As he waits, Wang smokes a Red Pagoda Mountain, tugging nicotine and tar, the only stuff his body won’t reject with nausea, deep into his lungs. He has smoked it down to the butt by the time Zeng appears. Yawning. Bare-chested in boxers. The bruises on his nose and cheeks darkened to purplish black, making him look like a featherweight boxer staggering out of the ring. Zeng walks to the taxi, the emerald scales of his dragon tattoo glinting in the sun. The waistband of his boxers hangs from his narrow hips, and his lean and sinewy body looks vulnerable and undefended.

Wang leans out of the driver’s-side window. ‘Get in.’

‘What is it?
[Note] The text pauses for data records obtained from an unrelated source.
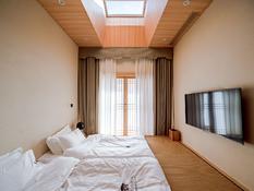 (3)8号院(转让费120万,月租金2500元) 总建筑面积 203.64,其中一层面积114.58,二层面积89.06。 总庭院面积139.25。 客房数量(间):3间+3卫 每个院落配套客厅、厨房、庭院、露台(仅9号院设有)、烧烤区、休闲区、私汤泡池等,该院落为两个独立产权,可统一或拆分转让。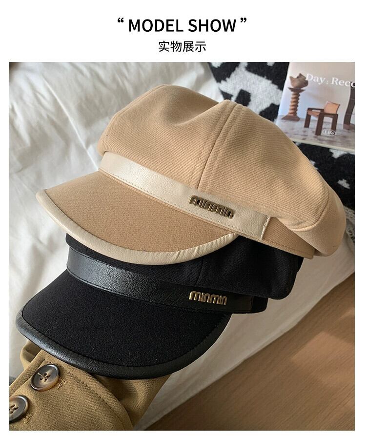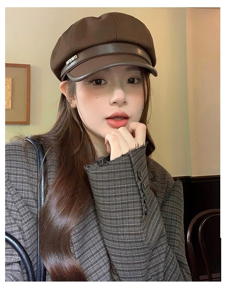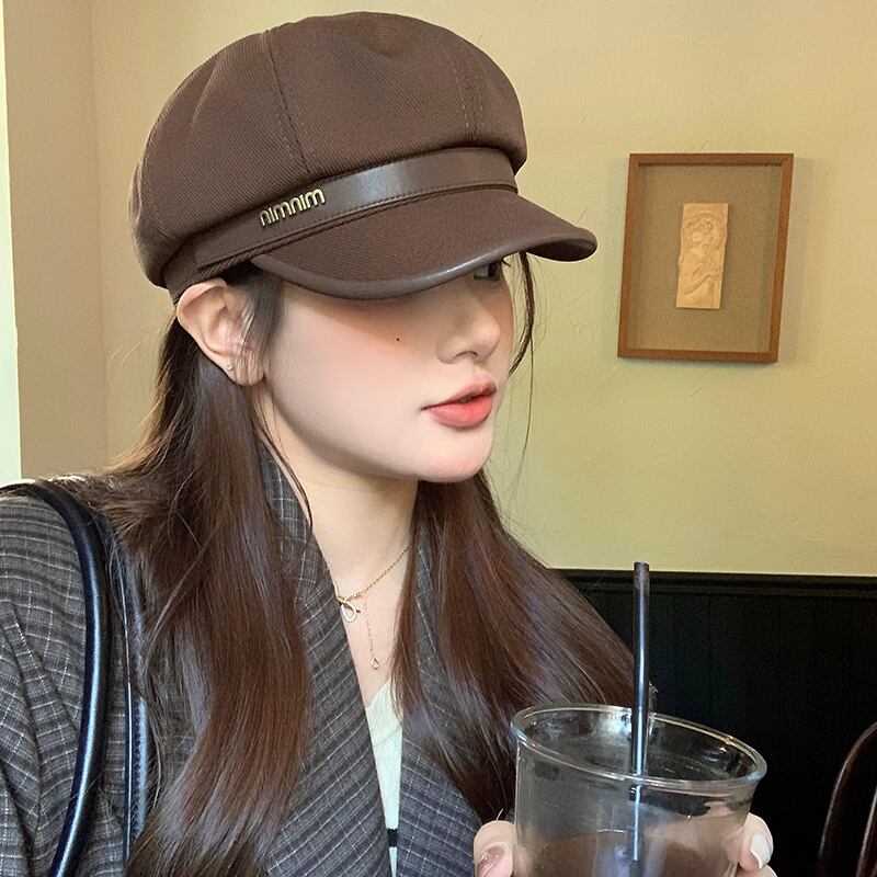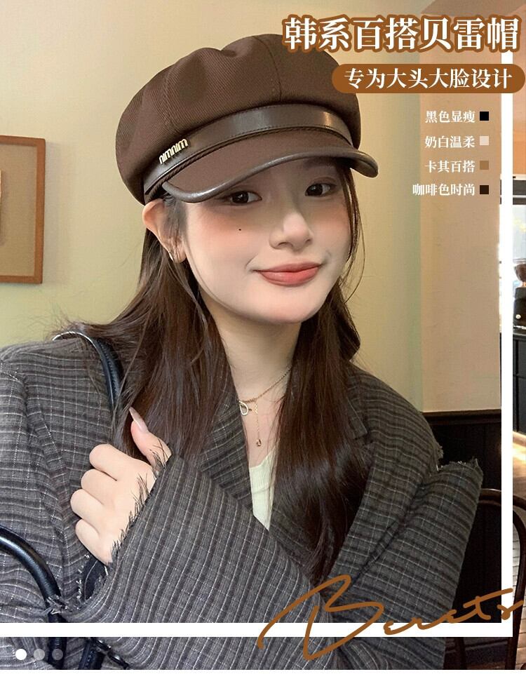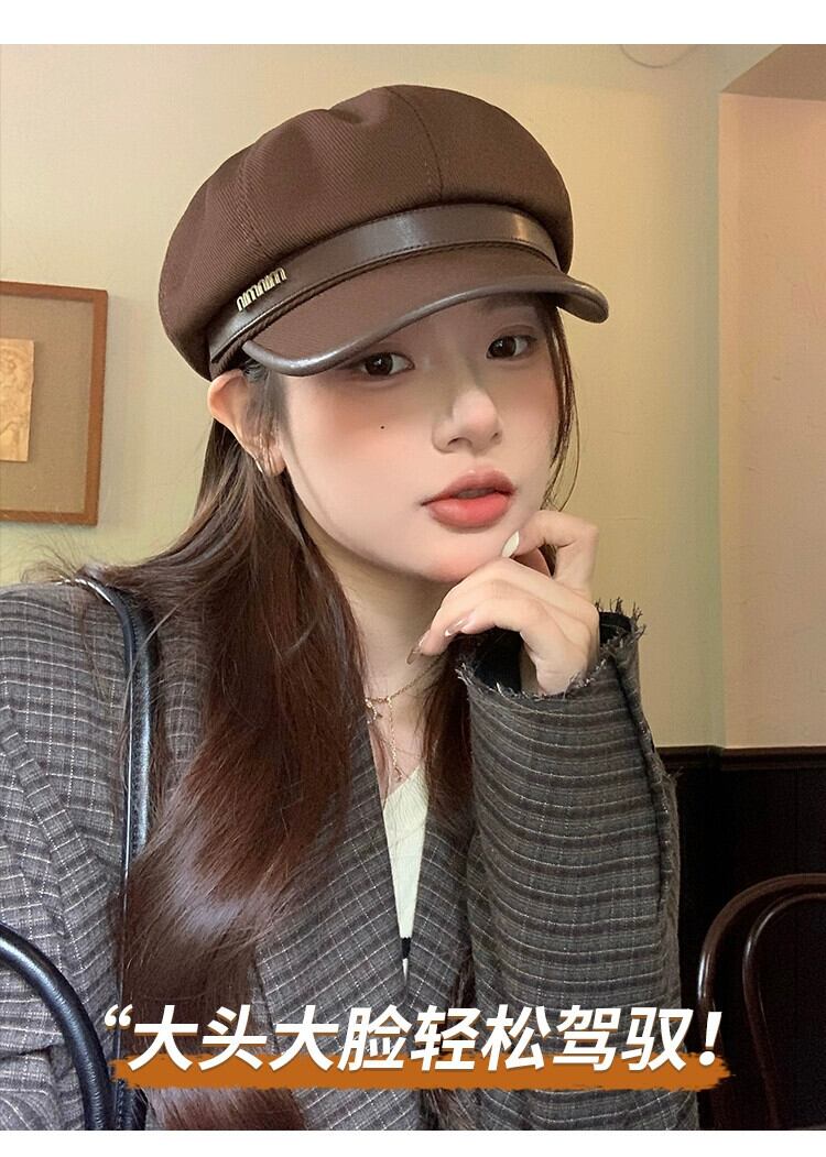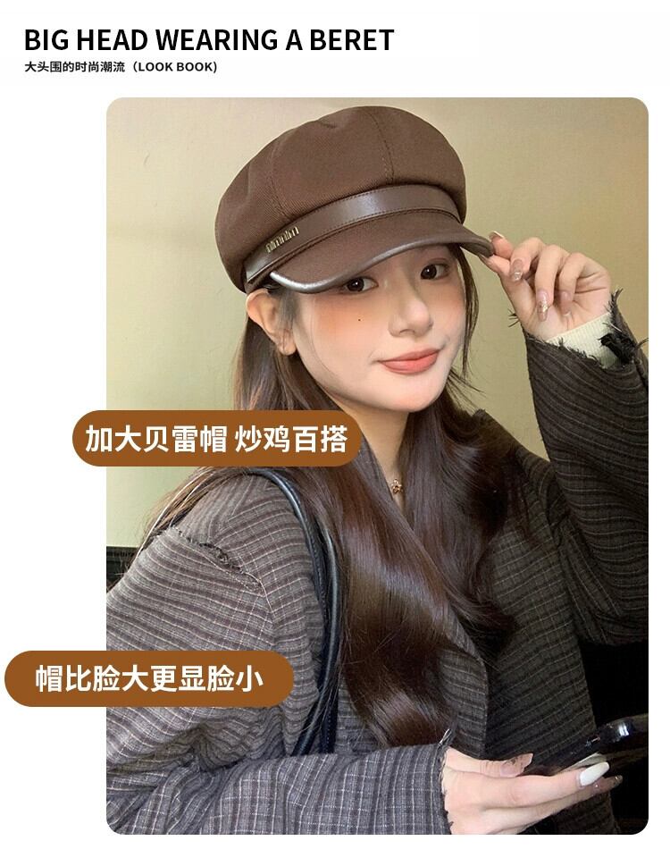 ビッグヘッドベレー帽女性の秋冬 2023 新しいカジュアルレトロな顔見せリトルペインター帽子多用途クラウド八角形帽子 オータム 秋物 ウィンター 冬物 ベレット ヘアアクセサリー 15dd97997762710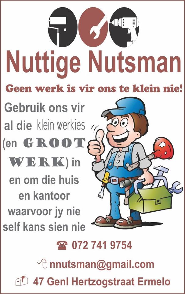 Nuttige Nutsman Herstel/ Instandhoudings Kontak ons vir n gratis kwotasie binne Ermelo *Reiskoste geld vir enige kwotasies buite Ermelo* Kontak: 072 741 9754view more Epos: [hidden information]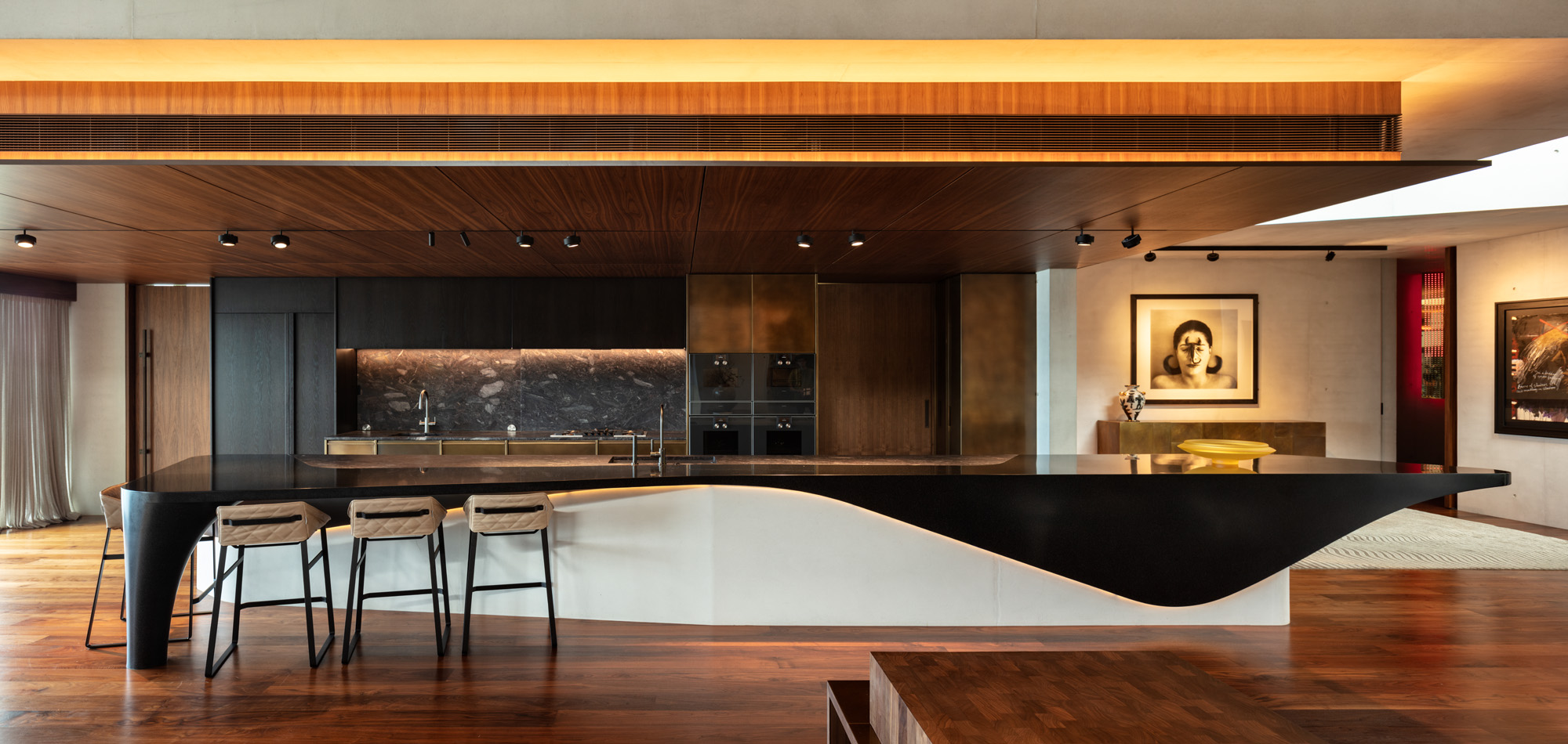 Then there’s the art. The homeowner has an impressive collection of local and international heavy hitters, but “he didn’t want to live in an art gallery; he wanted a home that had a lot of art on the walls”, says Bossley.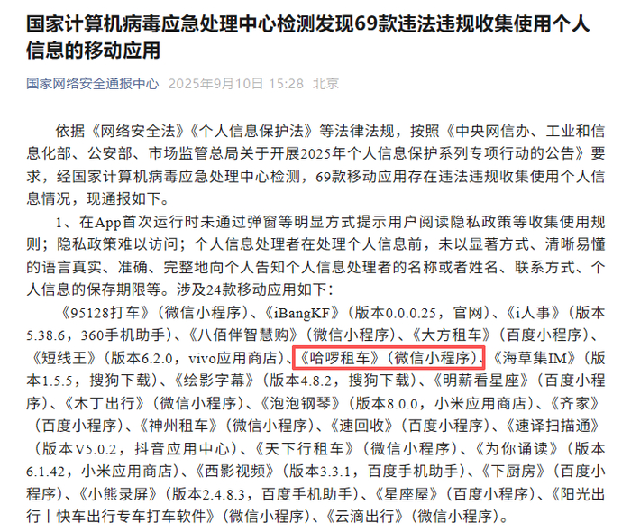 在租车业务板块,2025年9月,哈啰租车因“未提供个人信息撤回同意”“自动化营销缺乏非定向选项”等问题,被国家计算机病毒应急处理中心公开通报。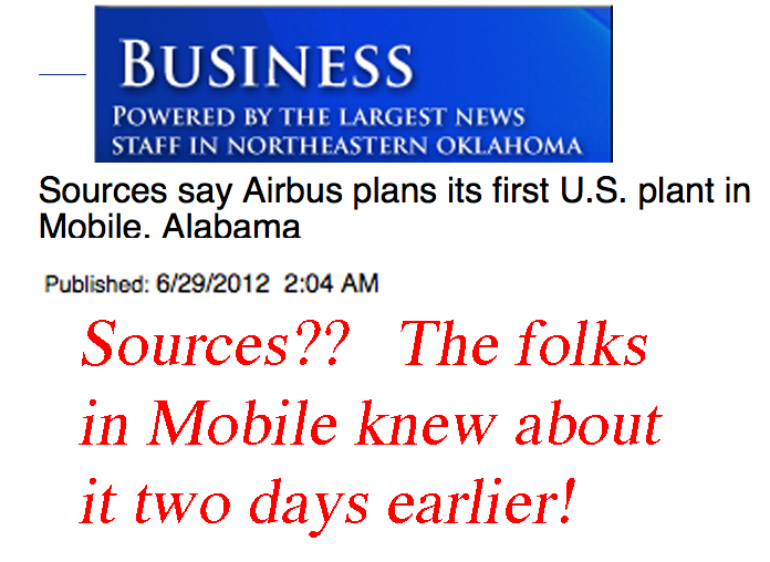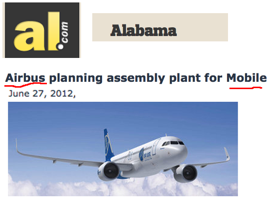 Given what is happening in Europe these days, I'm surprised that Airbus is doing this. Places like Spain could use the $600m investment in plant, equipment and jobs that goes with this. Good for Mobile, not so good for Europe.

Why have you come to see me?’ Zeng asks. He touches his hand to the bruises that Wang beat into him the day before.

Wang chokes back his anger, struggling to bring his voice under control. His heart is beating hard and sweat dampening his brow. He looks straight ahead through the windscreen.

‘You know why. Get in.’

Zeng goes to the passenger-side door, unconcerned that he is barefoot and in his underwear. He slides into the passenger seat, slams the door and turns to Wang. ‘I don’t understand you, Wang Jun,’ he says. ‘The way you . . .
attacked
me yesterday. I thought you never wanted to see me again . . .’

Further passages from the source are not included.